1

I have an existing table with all the data, around 1 million records.

I needed to add GSI to the table to better query some data. However, with app logic the GSI is being populated only for new records. The partition key and sort key for GSI can be populated using other attributes of the record.

What is the most efficient/ recommended way to back fill the GSI PK and SK for the existing records in the table?

Maurice
  • 11,482
  • 2
  • 25
  • 45
Ajay Narain Mathur
  • 5,326
  • 2
  • 20
  • 32

1 Answers1

3

How you would approach backfilling the table would ultimately depend on the data size.

Small table

If your data size is in low GB's, then you can achieve it quite easily using Lambda/EC2/Local Machine etc....

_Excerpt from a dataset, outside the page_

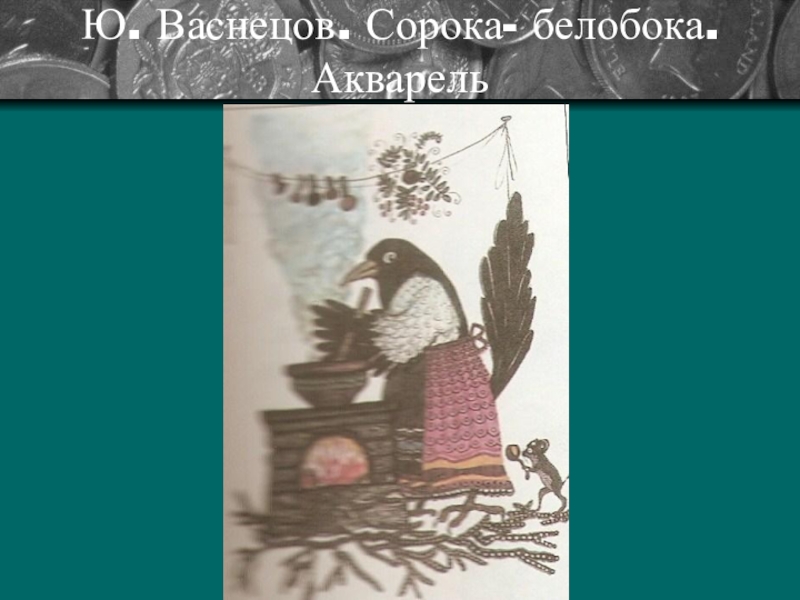 Слайд 18Ю. Васнецов. Сорока- белобока. Акварель
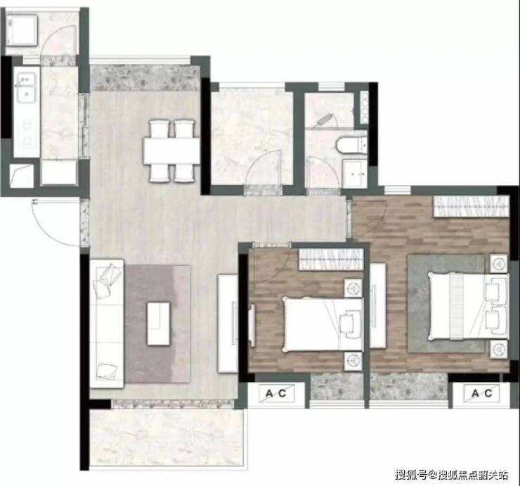 90㎡ 三房两厅:紧凑实用,适合年轻家庭或首次置业者。

You would need to Scan or Parallel Scan all the items in the table, filter out the items which do not require updating and then proceed to call UpdateItem on each item in the result set and append the GSI keys.

Large table

If however, you have a large amount of data you may want to use a distributed system such as AWS Glue and Spark. Here, you would either read all the items directly from the table or read from an S3 Export and again obtain the keys which require updating. Then using Sparks forEachPartition to distribute UpdateItem across executors to update items.

Performance vs Cost

As with most services, there is a performance vs cost trade off. If you want to go fast, you'll likely incur more cost. If cost is an important factor for you, then you may want to do things slower. That would entail using a rate limited Scan rather than using Scan/Parallel Scan or even the Glue approach.

Rate limiting can be achieved using the Guava library in Java for example. This would ensure you don't consume too much capacity too quickly.

For larger tables its a little more difficult, as long running processes can die for various reasons, for that reason I would continually checkpoint which data you have read to avoid duplicate work when your restart your process.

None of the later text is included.